*EXTRACTED MATERIAL*:
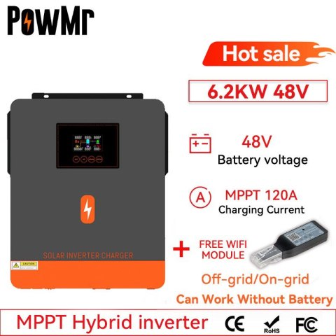 PowMr 6.2KW อินเวอร์เตอร์ไฮบริด พร้อมโมดูล WiFi ฟรี (48V เข้า / 220V ออก) ราคา 10,545.00 บาท
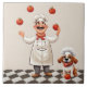 "jolly chef juggling tomatoes", "red tomato juggle cook", "cute dog chefs hat", "black and white floor", "humorous silly kitchen fun", "cooking themed ceramic tile", "beige cream light neutral", "happy smiling face smiles"
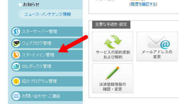 - 左側面のメニュー項目の「スタードメイン管理」をクリック
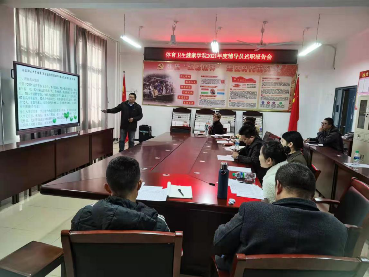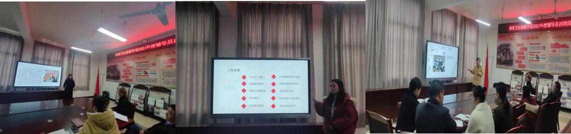 体育/卫生健康学院各位辅导员根据所带班情况分别从党团班级建设工作、学业指导、取得的成绩、工作特色与亮点、工作中的不足等九个方面进行了述职。
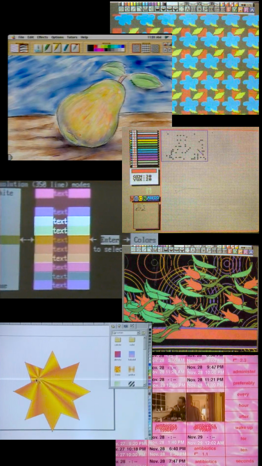 Stills from Art Dabbler, Amiga Handbooks an AMIGA Colour palette of ‘Colours Not Found in Nature’
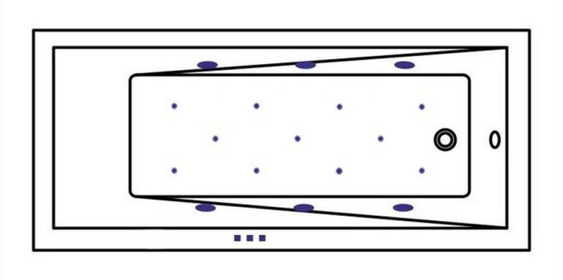 - Аэромассажная система (11 форсунок AERO-JET) с функцией регулировки интенсивности массажа;
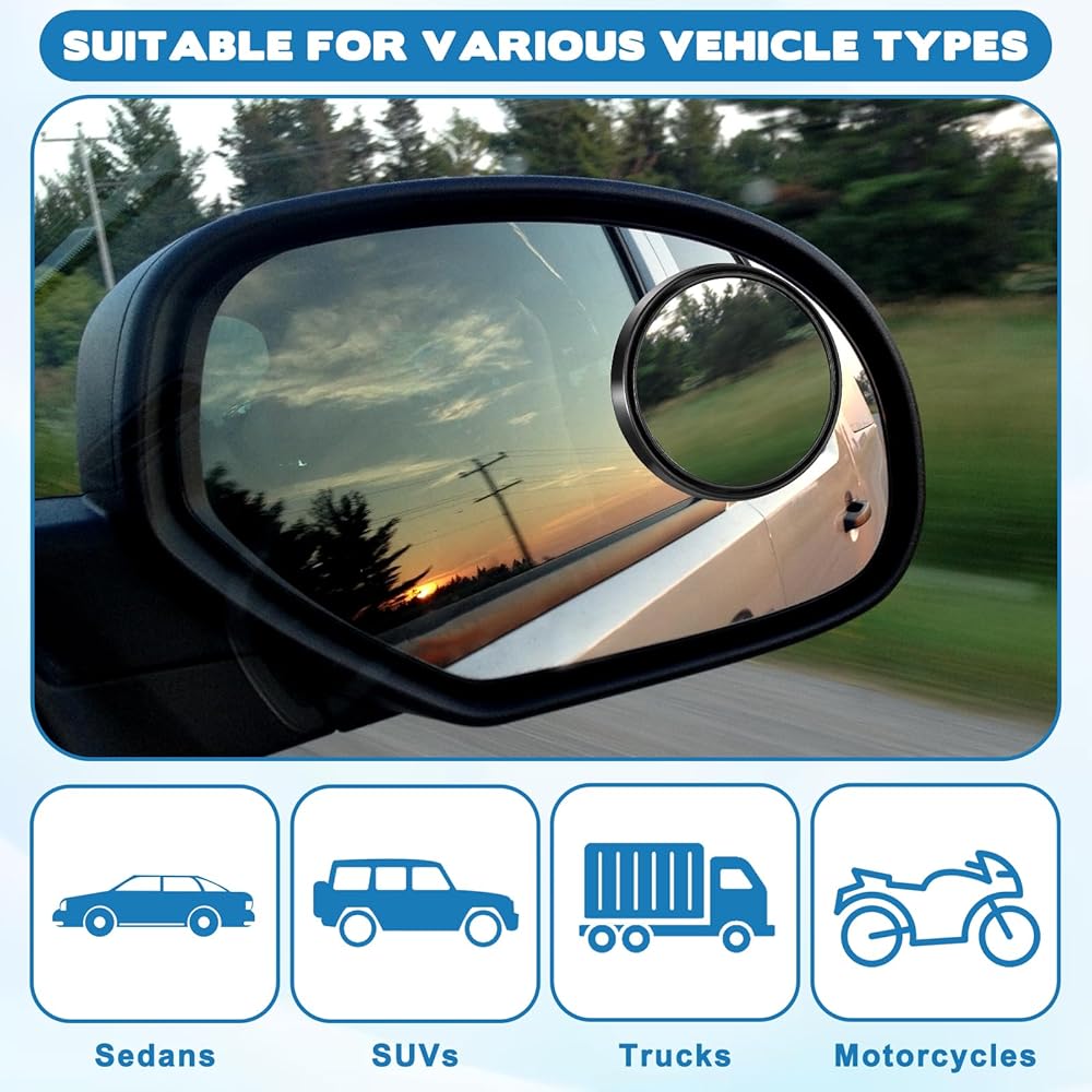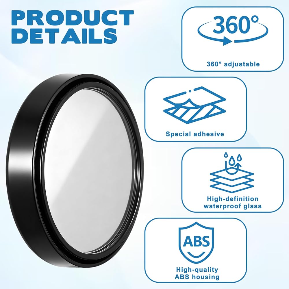 Package Included: You will receive 2 round blind spot mirrors, each 5.8cm/2.28in in length. These compact and portable mirrors reduce blind spots, improve road visibility, and help you achieve perfect visibility.
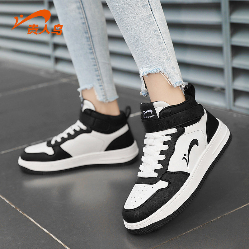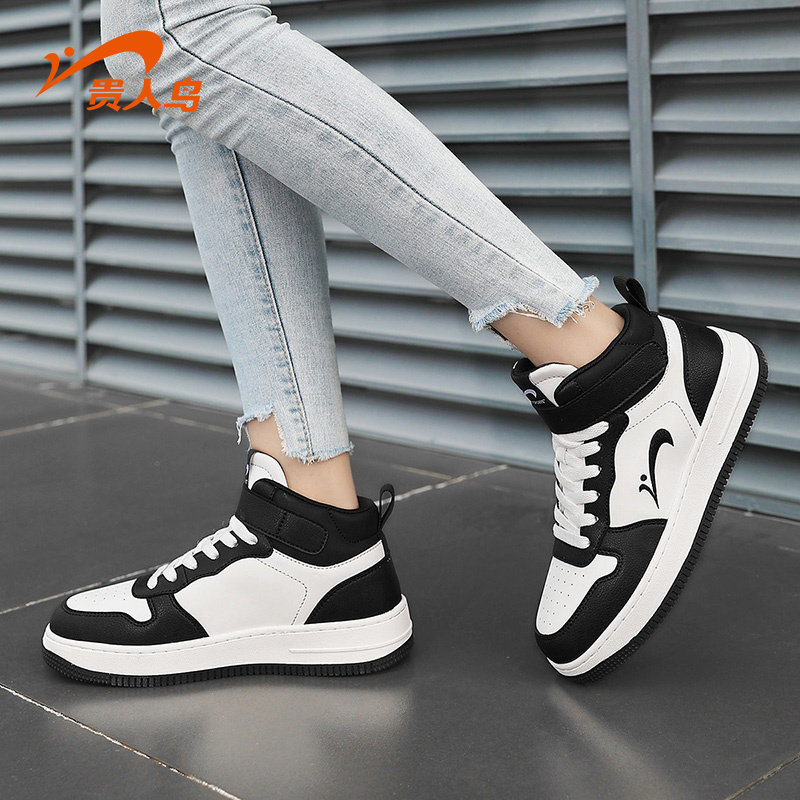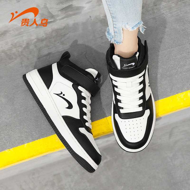 贵人鸟高帮女鞋春季2026新款空军一号运动鞋子女黑白休闲板鞋女款
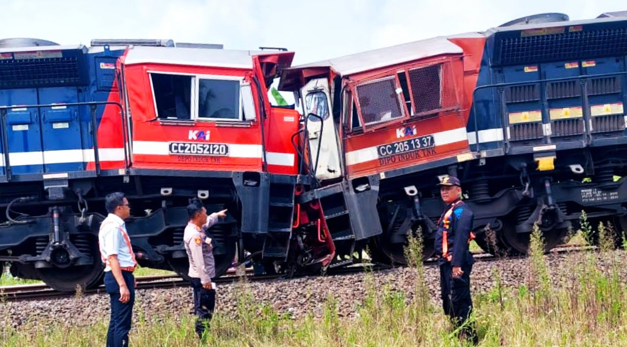 “Terjadilah tabrakan antara kedua lokomotif tersebut yang mengakibatkan dua gerbong bermuatan batu bara anjlok dan terguling, kemudian beberapa gerbong kosong anjlok dan keluar perlintasan rel serta menghantam peron stasiun,” kata dia.
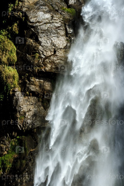 Каскад водопада, естественный водный фон. Красивая детальная текстура проточной воды и мокрого камня
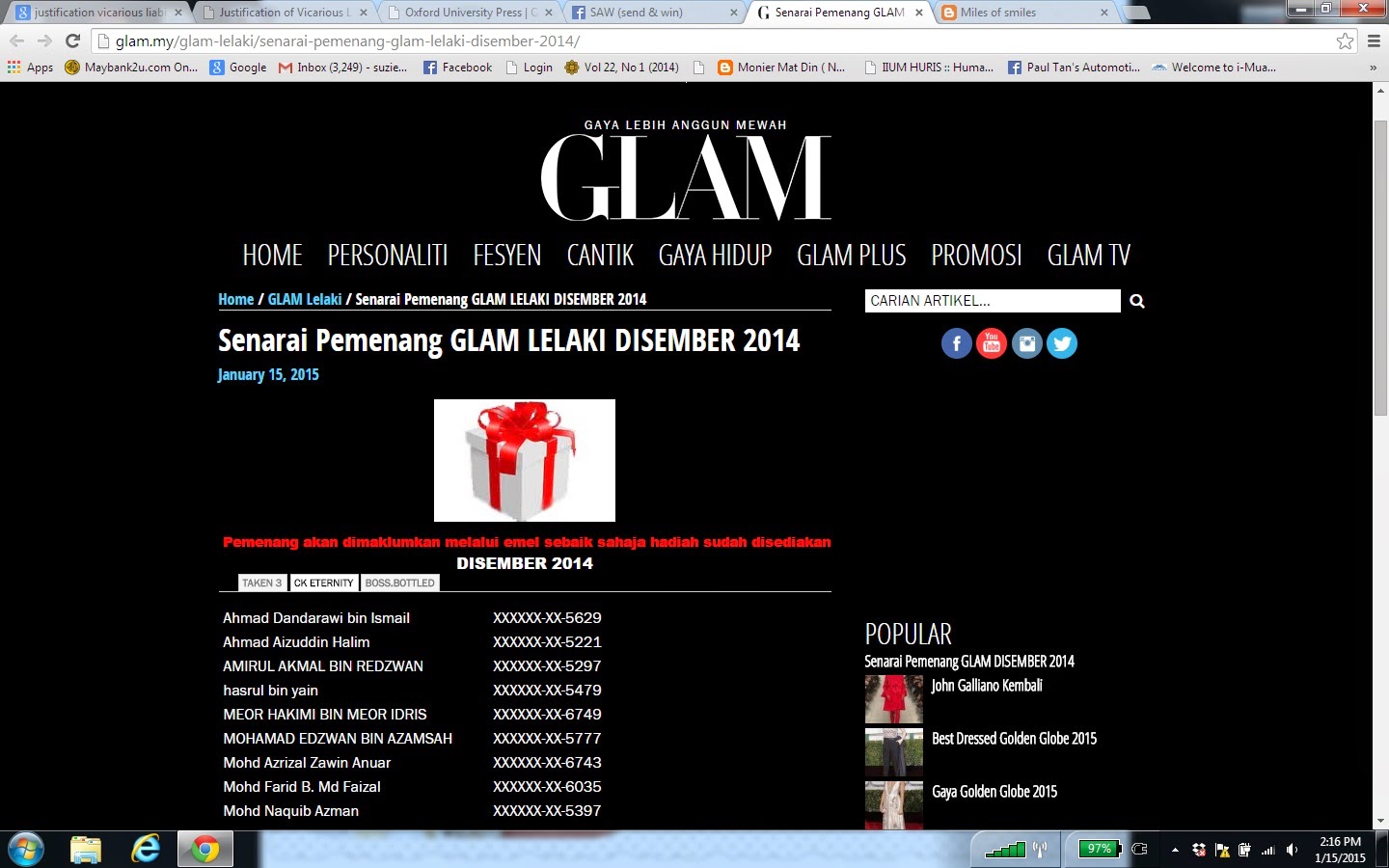 (6) won something meaningful for my mom..alhamdulillah..nama sil sangkut contest persil..dpt washing machine brand electrolux (notification of winning dpt via sms on 28/1/14) katanya wm ni akan dihantar in 2-3 weeks time.. syukur sgt2 :), masa yg tepat sbb wm kat umah my mom dh sgt2 uzur.. ramai my comper frens menang contest ni..kiranya weolls menang secara berjamaah gitu ;)

*WHAT TO WORK ON*: Output the line containing "tabrakan antara kedua" and each line after it, through the end of the material, exactly as given. No pictures belong in the output.

*ANSWER*:
 “Terjadilah tabrakan antara kedua lokomotif tersebut yang mengakibatkan dua gerbong bermuatan batu bara anjlok dan terguling, kemudian beberapa gerbong kosong anjlok dan keluar perlintasan rel serta menghantam peron stasiun,” kata dia.
 Каскад водопада, естественный водный фон. Красивая детальная текстура проточной воды и мокрого камня
 (6) won something meaningful for my mom..alhamdulillah..nama sil sangkut contest persil..dpt washing machine brand electrolux (notification of winning dpt via sms on 28/1/14) katanya wm ni akan dihantar in 2-3 weeks time.. syukur sgt2 :), masa yg tepat sbb wm kat umah my mom dh sgt2 uzur.. ramai my comper frens menang contest ni..kiranya weolls menang secara berjamaah gitu ;)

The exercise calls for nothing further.